◆ **Given information**:
*** Begin section ***

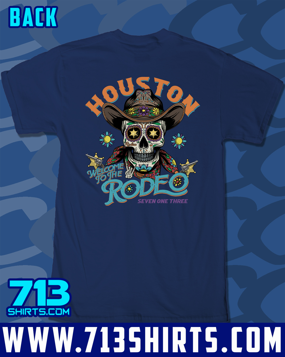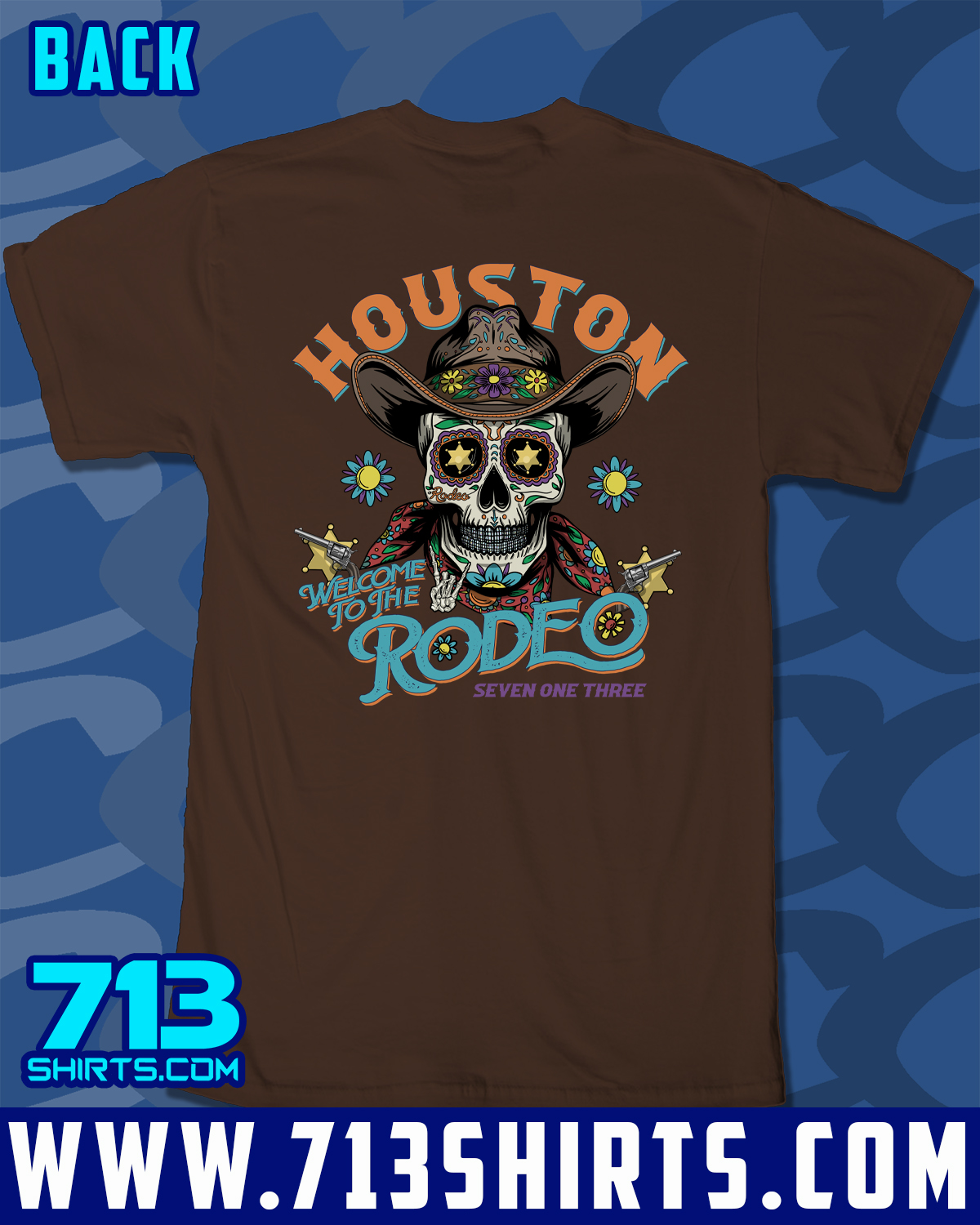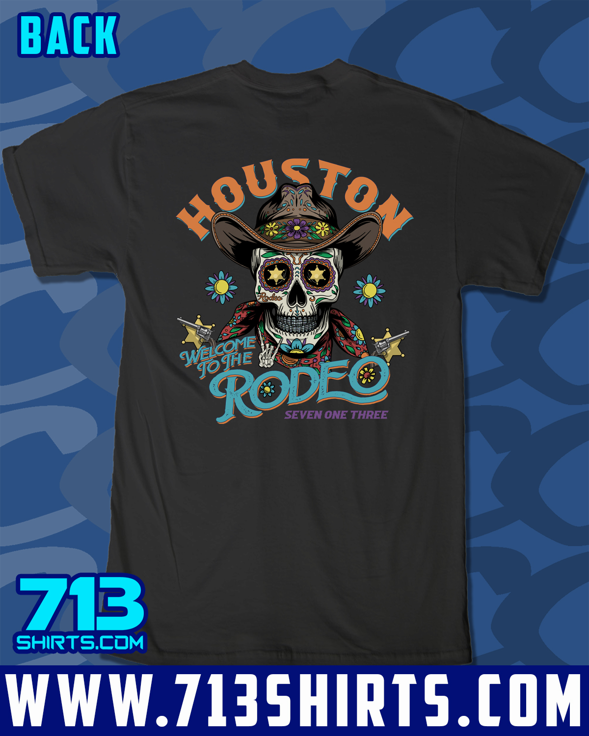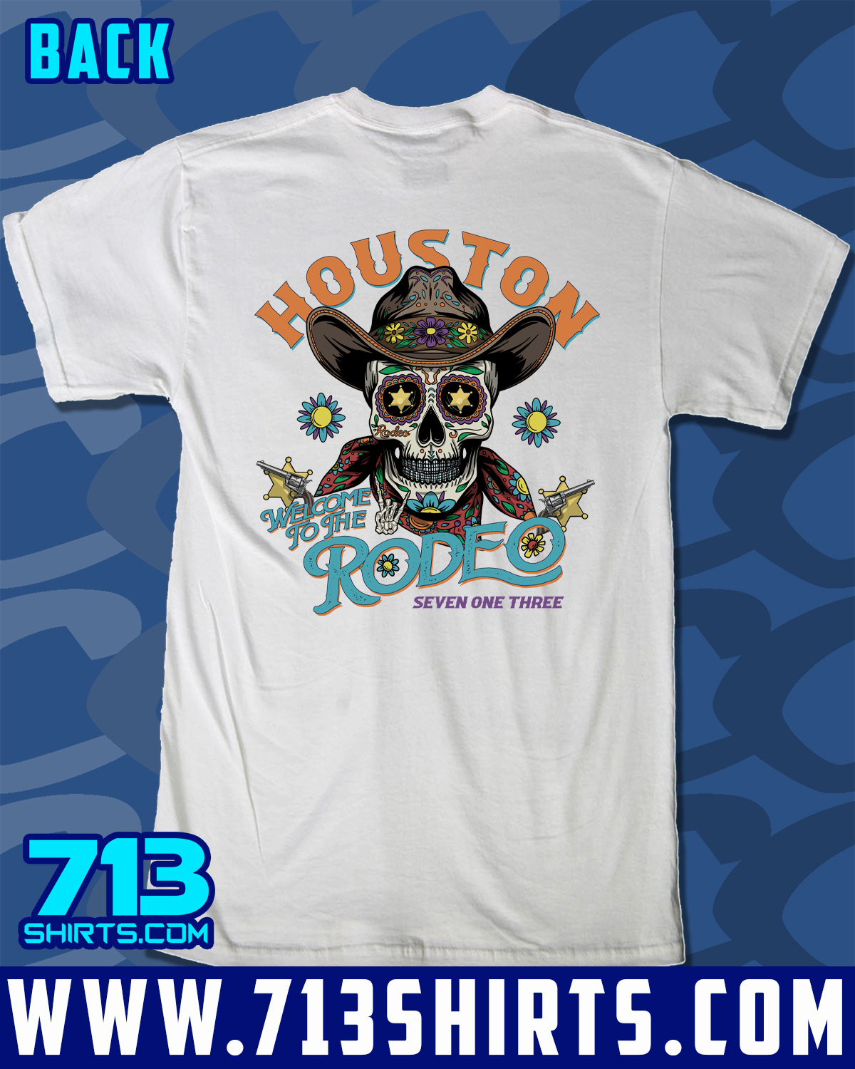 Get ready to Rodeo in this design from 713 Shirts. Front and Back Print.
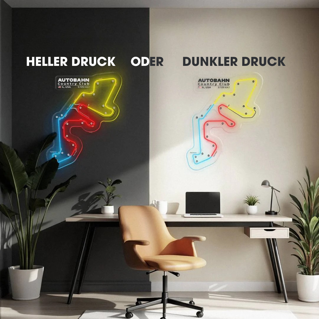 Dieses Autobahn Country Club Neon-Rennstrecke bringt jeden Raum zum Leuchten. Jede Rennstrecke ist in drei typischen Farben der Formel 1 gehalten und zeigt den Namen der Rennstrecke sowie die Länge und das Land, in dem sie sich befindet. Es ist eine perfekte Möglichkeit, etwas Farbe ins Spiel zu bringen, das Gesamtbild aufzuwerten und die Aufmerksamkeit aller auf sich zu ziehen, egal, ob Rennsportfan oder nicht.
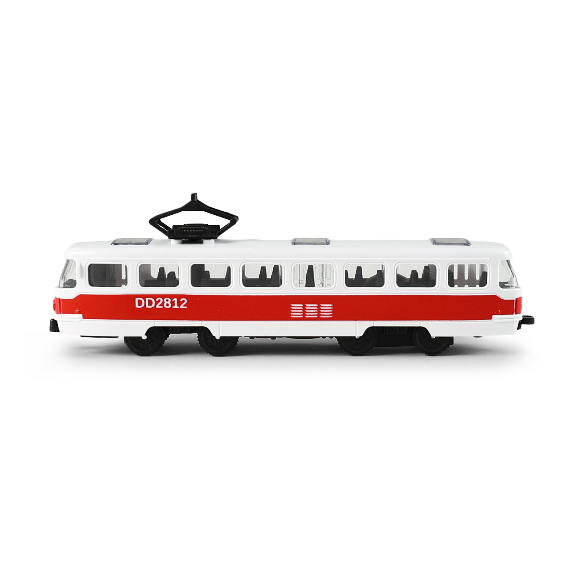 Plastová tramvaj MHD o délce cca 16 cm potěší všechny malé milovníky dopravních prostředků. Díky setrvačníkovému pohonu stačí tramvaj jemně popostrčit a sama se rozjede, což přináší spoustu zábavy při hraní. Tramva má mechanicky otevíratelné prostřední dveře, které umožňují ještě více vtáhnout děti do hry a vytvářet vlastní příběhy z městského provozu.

*** End section ***

◆ **Problem**:
Please return the material above unchanged, with every picture removed.

◆ **Task answer**:
 Get ready to Rodeo in this design from 713 Shirts. Front and Back Print.
 Dieses Autobahn Country Club Neon-Rennstrecke bringt jeden Raum zum Leuchten. Jede Rennstrecke ist in drei typischen Farben der Formel 1 gehalten und zeigt den Namen der Rennstrecke sowie die Länge und das Land, in dem sie sich befindet. Es ist eine perfekte Möglichkeit, etwas Farbe ins Spiel zu bringen, das Gesamtbild aufzuwerten und die Aufmerksamkeit aller auf sich zu ziehen, egal, ob Rennsportfan oder nicht.
 Plastová tramvaj MHD o délce cca 16 cm potěší všechny malé milovníky dopravních prostředků. Díky setrvačníkovému pohonu stačí tramvaj jemně popostrčit a sama se rozjede, což přináší spoustu zábavy při hraní. Tramva má mechanicky otevíratelné prostřední dveře, které umožňují ještě více vtáhnout děti do hry a vytvářet vlastní příběhy z městského provozu.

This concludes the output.